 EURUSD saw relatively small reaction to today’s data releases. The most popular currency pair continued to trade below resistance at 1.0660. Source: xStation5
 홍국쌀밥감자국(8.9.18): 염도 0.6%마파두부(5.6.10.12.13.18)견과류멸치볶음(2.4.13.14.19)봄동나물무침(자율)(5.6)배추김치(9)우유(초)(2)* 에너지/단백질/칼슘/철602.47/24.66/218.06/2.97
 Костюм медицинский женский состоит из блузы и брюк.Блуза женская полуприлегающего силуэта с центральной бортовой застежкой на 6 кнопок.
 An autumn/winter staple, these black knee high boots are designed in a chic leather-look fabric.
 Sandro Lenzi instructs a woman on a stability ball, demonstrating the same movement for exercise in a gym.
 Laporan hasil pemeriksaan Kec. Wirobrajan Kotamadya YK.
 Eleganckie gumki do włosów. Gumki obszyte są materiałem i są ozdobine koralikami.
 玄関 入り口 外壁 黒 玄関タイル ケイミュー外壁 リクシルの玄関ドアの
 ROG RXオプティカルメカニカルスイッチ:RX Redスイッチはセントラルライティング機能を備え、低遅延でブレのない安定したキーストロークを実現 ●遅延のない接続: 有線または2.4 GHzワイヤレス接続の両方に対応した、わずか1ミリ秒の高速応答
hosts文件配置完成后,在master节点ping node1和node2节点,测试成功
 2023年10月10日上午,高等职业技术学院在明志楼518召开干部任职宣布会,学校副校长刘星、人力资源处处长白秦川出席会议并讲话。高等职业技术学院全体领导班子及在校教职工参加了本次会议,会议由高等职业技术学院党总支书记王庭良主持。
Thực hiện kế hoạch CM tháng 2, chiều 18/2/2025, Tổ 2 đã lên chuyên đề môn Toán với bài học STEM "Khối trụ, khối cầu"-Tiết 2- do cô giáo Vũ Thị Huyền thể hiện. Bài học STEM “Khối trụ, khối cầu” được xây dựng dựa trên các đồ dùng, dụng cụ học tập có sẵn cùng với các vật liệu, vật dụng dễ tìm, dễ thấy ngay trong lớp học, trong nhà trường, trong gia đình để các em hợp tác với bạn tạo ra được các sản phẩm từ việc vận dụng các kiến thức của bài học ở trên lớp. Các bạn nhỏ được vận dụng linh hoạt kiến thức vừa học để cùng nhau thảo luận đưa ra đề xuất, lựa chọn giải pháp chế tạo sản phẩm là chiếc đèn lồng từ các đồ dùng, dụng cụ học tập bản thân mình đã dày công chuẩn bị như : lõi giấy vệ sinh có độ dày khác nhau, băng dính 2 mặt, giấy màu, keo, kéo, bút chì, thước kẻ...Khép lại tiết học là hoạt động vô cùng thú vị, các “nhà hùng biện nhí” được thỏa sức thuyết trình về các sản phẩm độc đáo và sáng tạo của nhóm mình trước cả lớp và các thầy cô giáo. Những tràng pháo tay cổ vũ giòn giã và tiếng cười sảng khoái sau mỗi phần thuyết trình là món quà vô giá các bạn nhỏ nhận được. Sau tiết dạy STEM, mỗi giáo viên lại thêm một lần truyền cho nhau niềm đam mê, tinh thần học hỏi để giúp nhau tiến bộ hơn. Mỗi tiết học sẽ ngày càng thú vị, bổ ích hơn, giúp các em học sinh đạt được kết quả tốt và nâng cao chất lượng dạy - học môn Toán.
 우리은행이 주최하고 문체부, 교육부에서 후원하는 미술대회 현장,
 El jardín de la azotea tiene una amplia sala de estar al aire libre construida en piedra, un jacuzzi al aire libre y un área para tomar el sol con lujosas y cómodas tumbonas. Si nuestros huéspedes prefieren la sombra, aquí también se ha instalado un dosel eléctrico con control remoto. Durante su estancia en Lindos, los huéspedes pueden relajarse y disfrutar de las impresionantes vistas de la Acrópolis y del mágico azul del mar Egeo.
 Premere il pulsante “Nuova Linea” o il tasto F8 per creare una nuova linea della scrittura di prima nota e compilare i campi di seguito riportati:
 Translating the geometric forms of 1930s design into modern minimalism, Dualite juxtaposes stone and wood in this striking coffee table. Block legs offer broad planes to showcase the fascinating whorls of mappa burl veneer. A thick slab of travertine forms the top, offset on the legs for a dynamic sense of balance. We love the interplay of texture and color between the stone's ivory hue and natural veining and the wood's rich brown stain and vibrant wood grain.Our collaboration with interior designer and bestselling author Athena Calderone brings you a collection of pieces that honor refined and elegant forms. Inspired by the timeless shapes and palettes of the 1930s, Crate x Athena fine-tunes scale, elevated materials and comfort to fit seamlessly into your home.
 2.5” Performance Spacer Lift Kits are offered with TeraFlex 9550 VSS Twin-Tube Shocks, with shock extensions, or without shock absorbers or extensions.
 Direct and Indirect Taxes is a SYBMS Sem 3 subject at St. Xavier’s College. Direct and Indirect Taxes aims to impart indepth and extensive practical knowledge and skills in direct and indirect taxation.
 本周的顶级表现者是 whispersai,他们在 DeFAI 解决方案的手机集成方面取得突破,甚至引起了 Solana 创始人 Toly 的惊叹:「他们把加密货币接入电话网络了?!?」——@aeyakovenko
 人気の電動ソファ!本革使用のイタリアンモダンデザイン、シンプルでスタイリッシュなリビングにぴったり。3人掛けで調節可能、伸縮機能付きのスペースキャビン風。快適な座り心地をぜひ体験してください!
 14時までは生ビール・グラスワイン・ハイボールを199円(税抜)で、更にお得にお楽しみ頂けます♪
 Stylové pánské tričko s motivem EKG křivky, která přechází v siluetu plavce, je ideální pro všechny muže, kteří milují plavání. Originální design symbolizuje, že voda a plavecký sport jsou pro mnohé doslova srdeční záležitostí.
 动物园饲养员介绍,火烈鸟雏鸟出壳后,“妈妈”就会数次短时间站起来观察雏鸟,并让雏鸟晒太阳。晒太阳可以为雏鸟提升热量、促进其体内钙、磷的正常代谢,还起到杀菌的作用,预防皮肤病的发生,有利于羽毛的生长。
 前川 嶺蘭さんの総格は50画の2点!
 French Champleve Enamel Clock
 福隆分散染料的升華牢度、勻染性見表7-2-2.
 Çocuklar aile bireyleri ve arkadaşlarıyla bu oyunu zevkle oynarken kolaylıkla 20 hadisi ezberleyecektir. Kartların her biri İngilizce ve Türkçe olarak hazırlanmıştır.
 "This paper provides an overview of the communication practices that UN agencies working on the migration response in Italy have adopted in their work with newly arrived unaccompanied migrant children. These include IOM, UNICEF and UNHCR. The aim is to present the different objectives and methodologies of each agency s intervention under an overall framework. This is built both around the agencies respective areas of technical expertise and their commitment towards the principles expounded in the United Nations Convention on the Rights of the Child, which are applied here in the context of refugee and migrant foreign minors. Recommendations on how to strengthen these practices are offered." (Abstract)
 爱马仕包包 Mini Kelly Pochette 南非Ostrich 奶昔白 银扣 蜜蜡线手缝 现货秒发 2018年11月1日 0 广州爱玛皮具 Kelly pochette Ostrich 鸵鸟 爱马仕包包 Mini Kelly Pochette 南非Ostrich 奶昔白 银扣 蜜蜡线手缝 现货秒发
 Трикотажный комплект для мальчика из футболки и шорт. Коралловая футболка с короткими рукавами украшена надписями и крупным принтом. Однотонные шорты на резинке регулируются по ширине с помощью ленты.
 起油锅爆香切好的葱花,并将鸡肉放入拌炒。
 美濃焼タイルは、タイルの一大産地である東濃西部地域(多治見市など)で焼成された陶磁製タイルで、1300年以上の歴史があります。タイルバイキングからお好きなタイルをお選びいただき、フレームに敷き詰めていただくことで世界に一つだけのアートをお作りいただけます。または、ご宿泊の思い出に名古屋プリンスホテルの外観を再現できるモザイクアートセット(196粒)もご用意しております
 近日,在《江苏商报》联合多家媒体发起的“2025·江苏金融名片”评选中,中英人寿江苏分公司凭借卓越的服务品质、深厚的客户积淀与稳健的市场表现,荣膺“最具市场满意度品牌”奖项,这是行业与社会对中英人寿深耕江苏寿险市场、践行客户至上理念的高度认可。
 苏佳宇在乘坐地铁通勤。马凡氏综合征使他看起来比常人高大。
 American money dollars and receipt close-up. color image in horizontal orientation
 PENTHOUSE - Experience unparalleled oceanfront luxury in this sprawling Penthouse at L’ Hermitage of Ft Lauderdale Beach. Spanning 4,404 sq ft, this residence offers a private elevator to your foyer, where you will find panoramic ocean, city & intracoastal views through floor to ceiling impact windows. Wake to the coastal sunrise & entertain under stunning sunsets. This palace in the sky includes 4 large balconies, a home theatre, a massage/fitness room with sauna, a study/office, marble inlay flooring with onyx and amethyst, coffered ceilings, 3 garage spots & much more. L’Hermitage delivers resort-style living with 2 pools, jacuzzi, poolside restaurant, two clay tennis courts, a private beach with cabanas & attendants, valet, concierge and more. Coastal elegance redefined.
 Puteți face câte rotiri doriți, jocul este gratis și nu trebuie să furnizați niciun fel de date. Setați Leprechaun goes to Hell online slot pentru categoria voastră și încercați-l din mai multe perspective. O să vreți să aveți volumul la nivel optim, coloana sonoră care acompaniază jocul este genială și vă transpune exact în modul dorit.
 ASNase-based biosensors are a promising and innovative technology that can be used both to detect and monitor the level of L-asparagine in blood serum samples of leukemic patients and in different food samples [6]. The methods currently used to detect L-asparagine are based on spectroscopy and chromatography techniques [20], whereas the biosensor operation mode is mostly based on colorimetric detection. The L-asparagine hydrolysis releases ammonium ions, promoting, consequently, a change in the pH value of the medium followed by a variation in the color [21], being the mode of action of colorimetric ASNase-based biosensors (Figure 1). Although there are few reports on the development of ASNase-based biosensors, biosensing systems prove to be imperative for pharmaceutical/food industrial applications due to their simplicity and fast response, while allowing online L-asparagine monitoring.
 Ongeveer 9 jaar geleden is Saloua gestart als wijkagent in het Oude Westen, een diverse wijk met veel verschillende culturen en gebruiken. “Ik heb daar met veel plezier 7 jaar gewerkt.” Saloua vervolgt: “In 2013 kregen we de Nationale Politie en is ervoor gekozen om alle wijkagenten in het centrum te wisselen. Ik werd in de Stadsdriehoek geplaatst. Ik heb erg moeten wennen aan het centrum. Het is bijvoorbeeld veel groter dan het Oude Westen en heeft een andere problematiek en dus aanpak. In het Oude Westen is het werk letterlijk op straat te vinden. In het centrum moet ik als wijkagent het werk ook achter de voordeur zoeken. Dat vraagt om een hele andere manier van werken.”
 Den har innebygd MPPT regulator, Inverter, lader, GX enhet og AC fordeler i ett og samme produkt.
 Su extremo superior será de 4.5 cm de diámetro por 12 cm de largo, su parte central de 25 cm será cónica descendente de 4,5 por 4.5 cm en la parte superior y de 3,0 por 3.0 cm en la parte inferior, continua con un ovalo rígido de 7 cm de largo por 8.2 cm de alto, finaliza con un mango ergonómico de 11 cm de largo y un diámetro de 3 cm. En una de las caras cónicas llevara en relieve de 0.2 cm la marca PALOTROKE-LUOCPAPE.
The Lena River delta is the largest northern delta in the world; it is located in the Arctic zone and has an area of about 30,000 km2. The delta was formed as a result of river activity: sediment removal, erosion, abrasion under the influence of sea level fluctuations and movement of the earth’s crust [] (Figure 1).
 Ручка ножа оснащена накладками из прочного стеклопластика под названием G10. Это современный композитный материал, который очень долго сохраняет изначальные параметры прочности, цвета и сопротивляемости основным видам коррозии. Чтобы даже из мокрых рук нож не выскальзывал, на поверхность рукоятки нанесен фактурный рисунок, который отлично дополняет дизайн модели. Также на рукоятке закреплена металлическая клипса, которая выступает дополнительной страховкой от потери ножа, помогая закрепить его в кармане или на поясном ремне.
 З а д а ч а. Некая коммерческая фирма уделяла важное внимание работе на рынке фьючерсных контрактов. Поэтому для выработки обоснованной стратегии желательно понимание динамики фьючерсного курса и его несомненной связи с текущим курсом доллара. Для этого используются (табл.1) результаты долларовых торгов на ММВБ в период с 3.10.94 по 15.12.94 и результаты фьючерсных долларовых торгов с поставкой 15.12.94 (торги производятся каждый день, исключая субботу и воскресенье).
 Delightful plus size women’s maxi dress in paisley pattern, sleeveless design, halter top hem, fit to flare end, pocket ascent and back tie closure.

Work to complete.
Determine how many lines of the entries above carry the string "these", and give that number alone.

Reply to the task.
2